Todeangst Christi
Closeup of the Crown of Thorns at Todeangst Christi
Todeangst Christi: the Roman Catholic memorial at Dachau
Photo credits: A Teacher's Guide to the Holocaust
Before I read the parish paper today, I had no idea that there was a memorial for Catholic victims of the Nazi Holocaust. I knew there had been harassment of the Church during the world war two, and that some of it had been serious. I would not have been surprised to hear that Catholics had been killed in the camps. I was surprised to find that Catholics were concentrated at Dachau and that there were 2,579 of them there when it was liberated by the U.S. Seventh Army in 1945. Dachau, located Germany itself, is not considered to be a death camp like the camps in Poland. It was a camp for political prisoners and many of the Catholics there were priests opposed to the Nazi regieme.
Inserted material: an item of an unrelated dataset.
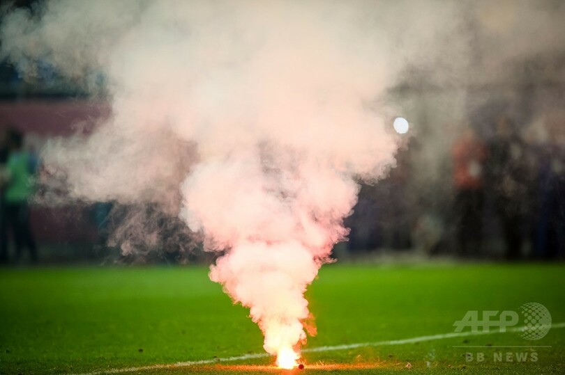 ドイツ・ブンデスリーガ1部バイエルン・ミュンヘン(Bayern Munich)に所属するレワンドフスキは後半8分、ルーマニアのファンがスタンドから投げ込んだ爆竹のようなものが自身の目の前で爆発すると、ピッチに倒れ込んだ。

This did not stop the Nazis from conducting Malaria experiements on thousands of people there.
An overview of the camp's history is here.
According to this F.A.Q., these are some of the more famous people housed at Dachau:
The Rev. Martin Niemoller - one of the founders of the Confessional Church.
Dr. Johannes Neuhaumusler - Catholic Bishop
Kurt von Schuschnigg - former Chancellor of Austria, who opposed the Anschluss (the annexation of Austria by Germany)
Edouard Daladier - premier of France at the time of the German invasion
Leon Blum - premier of France in 1936 and 1937 and France's first Jewish premier
Georg Scherer - native of city of Dachau who later became Mayor of Dachau
Other well know survivors: Josef Mumller, Leonard Roth, Walter Neff, Richard Titze, Eric Preuss, Nico Rost, Bruno Bettelheim, Arthur Haulot, Max Mannheimer, Hjalmar Schacht, Oskar Müller, Zola Philipp, Joel Zak, Kurt Schumacher, Georges Walraeve, Eric Braun, Werner Cahnmann, General Delpeche, Alfred Haag, Josef Huber, Hans Kaltenbacher, Otto Kohlhofer, Edmund Michelet, Otto Pies, Heinrich Stoumlhr, Rene Simon, Wadim Sobkov, Vldek Spiegelmann, Walter Cieslik, Robert Eisinger, Bernt Englemann, Otto Faumlber, Leopold Figl, Paul Hussarek, Eugen Kessler, Edmond Michelet, Reimund Schnabel, Hans Schwartz, Walter Vielhauer, and Alfred Werner.
More information about Dachau is available at this memorial site. Todeangst Christi also contains a Catholic Carmelite Convent. Dachau today also contains memorials to the Russian Orthodox, to the Jews, to the Protestants, and to International victims.